▸ Data for processing
•••••

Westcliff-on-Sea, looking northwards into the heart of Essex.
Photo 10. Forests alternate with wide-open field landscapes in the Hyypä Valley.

•••••

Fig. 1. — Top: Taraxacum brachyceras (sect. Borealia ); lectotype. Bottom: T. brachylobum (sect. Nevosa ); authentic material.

•••••

▸ Work required
Return only the stretch of the material above from the line holding "Westcliff-on-Sea, looking northwards" through the line holding "Photo 10. Forests", copied exactly.

▸ Task result
Westcliff-on-Sea, looking northwards into the heart of Essex.
Photo 10. Forests alternate with wide-open field landscapes in the Hyypä Valley.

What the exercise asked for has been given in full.